===== Extracted material

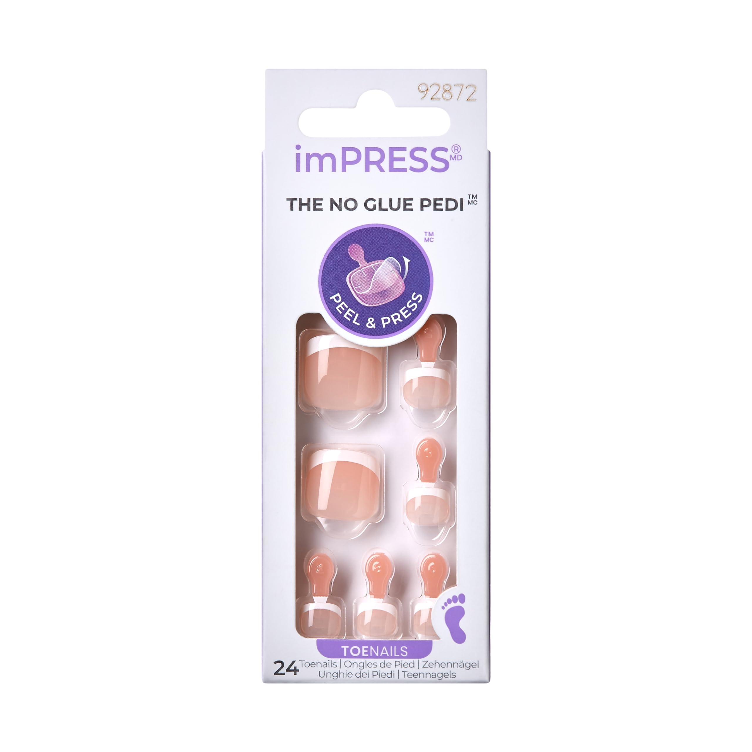 Hot trend alert! The matching No Glue Pedis & pedis by imPRESS are the must-haves for this season. Elevate your look with these press-ons anytime, anywhere. With Patented Super Hold adhesive, the nails can last up to 7 days. Just peel, press & go! These false toenails come ready to wear, no polish or glue needed! Just Press On & GO! NEW PureFit Technology makes the toenails super slim and super comfortable. Toenails that look and feel just like your own! The NO GLUE instant pedi that is safe on natural nails The EASIEST pedicure with pre-applied adhesive - just peel, press & go Super Hold adhesive for up to 7-day hold Pedicure kit contains 24 press-on toenails, prep pad, mini nail file, and manicure stick On trend light beige press-on fashion toenails with white French tips are short length & squoval shaped - Pair them with imPRESS French Press-On Manicure 'Model' for a matching mani/pedi
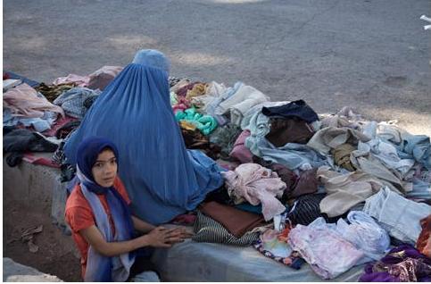 يوه ښځه په هرات کی زاړه کالي خرڅوی.
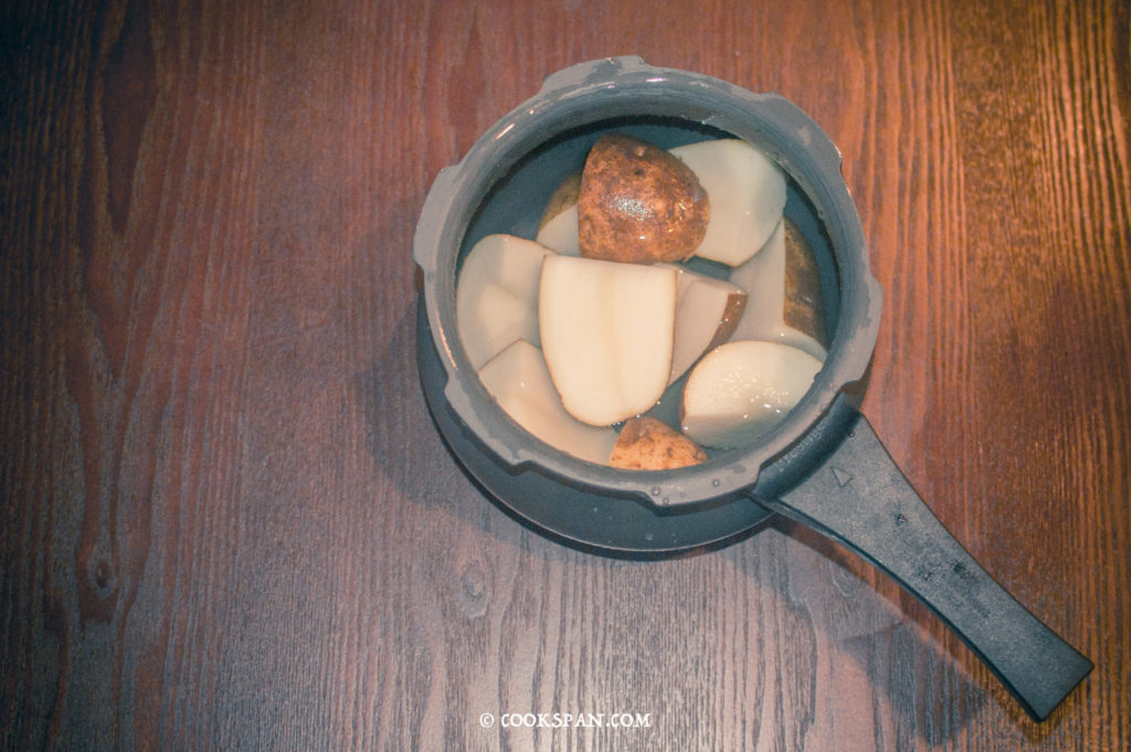 - Boil the potatoes, after it cools down, peel off and mash it.
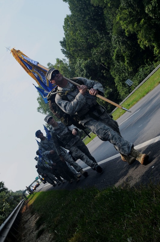 U.S. Air Force Senior Airman Eric Pulse, 633rd Security Forces Squadron patrolman, carries the guidon during the Security Forces 9/11 Ruck March to Remember in Amherst, Va., Aug. 25, 2011. More than 30 Langley Air Force Base members used an estimated 20 minute mile pace to cover 141 miles in five days. . (U.S. Air Force photo by Airman 1st Class Racheal Watson/Released)
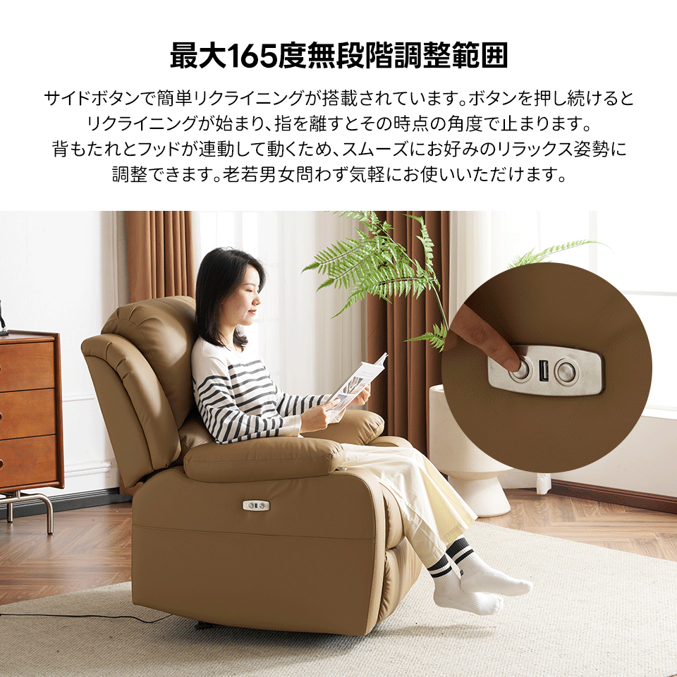 ◆01電動リクライニングソファ たっぷり詰め込まれたふわふわの綿で快適な座り心地。 思わず“沈み込む”ような、極上のリラックス空間。 高さ調整が可能な便利なテーブル付き。 ソファ耐荷重:130kg ◆02 64〜74cmの間で高さ調整が可能なテーブル テーブル耐荷重:3kg 高さ調整が可能なテーブルは、差し込むだけで簡単にセットします。64〜74cmの間でお好みの高さに調節し、使わない時は取り外してすっきり収納できる便利な設計です。 テーブルは回転式で、用途に合わせて自由に調整可能。仕事や読書、テレビ鑑賞など、シーンに応じて快適にお使いいただけます。 ご注意 1.本を読んだりテレビを見たり、パソコンを使ったりする際は、重すぎる物は避けてください。重い物を置くと、板が曲がる恐れがあります。 2.片側のみ調整可能です。最大角度に調整する際は、テーブルの傾斜にご注意してください。 3.テーブルを使う前に、しっかり固定されているか確認してください。安定しない状態で物を置かないようにご注意してください。 ◆03最大165度無段階調整範囲 サイドボタンで簡単リクライニングが搭載されています。ボタンを押し続けるとリクライニングが始まり、指を離すとその時点の角度で止まります。背もたれとフッドが連動して動くため、スムーズにお好みのリラックス姿勢に調整できます。老若男女問わず気軽にお使いいただけます。 調整の際には、ソファの長さが変わる点にご注意ください。調整前の全長は約76cmですが、リクライニングを最大にすると約162cmまで伸びます。ソファと壁の間には少なくとも41cmの距離を保つことをお勧めします。設置スペースを確保し、周囲の家具や壁との距離を考慮してご利用いただくようお願いいたします。 ※角度を調整する際には、 周りに小さな子供やパットがいないことに気を付けてください。誤って彼らに怪我をさせてしまうことがないようにするためです。 ◆04座る、寝る、楽しくになる 座面 体にフィットするよう設計された座面は、自然に下へ沈み込む構造で、快適さと人体工学に基づいたサポートを両立します。 背もたれ 背もたれはまるでふっくらとしたパンのような形状で、柔らかく体を包み込みます。 フットレスト フットレストをしっかり支えることで、全身がリラックスできる構造です。 このような座り心地の良さを実現しているのは、使用している素材がしっかりしているからです。 PP綿がしっかりとした支えを提供し、コットンが柔らかな座り心地を実現。2つの素材を絶妙に組み合わせることで、快適さとサポート力を両立させた理想的な座り心地を生み出します。 座面の通気性を高める優れたSパネルパンチングと高い弾力性が特徴のコイルばねを含まれて、しっかりと体を支えつつ、弾力のある快適な座り心地を実現します。 ◆05包み込まれる柔らかく心地 体の部位ごとに最適な曲線と柔软性を設計し、全方位て 身体によりフイットする圧カ分散を実現します。 座っても、寝転んでも、頭から足先まで至高の快適です。 ◆06USB充電口搭載 USB充電口搭載で、スマートフォンの充電がソファに座ったまま手軽に行えます。くつろぎながら、いつでも快適にデバイスを使用できます。 ※電動ソファの充電ポートは出力が低いため、ノートパソコンの充電には対応していません。タブレットの充電が対応できない場合もあります。 ◆07便利なサイドポケット 便利なサイドポケットが付いています。ソファの側面に配置されており、リモコンやスマートフォン、本や雑誌などの小物を収納するのにぴったりです。 ◆08電源収納スペース コードを使わないときは、裏のカバーをめ<れば中に収納ができます。 マジックテープ式ですのでめくれる心配もありません。 ご注意 ケーブルがフレームむに圧迫されて折れる可能性がごさいますので、 白い結束パンドを外しないでください。そのままご使用いただけますようお願い申し上げます。

==========

▶ **The task**: A verbatim reproduction is expected: starting at the line above that has "يوه ښځه په هرات کی زاړه کالي خرڅوی.", ending at the line that has "U.S. Air Force Senior", both included, and with no pictures and no other lines.

▶ **Solution to the problem**:
 يوه ښځه په هرات کی زاړه کالي خرڅوی.
 - Boil the potatoes, after it cools down, peel off and mash it.
 U.S. Air Force Senior Airman Eric Pulse, 633rd Security Forces Squadron patrolman, carries the guidon during the Security Forces 9/11 Ruck March to Remember in Amherst, Va., Aug. 25, 2011. More than 30 Langley Air Force Base members used an estimated 20 minute mile pace to cover 141 miles in five days. . (U.S. Air Force photo by Airman 1st Class Racheal Watson/Released)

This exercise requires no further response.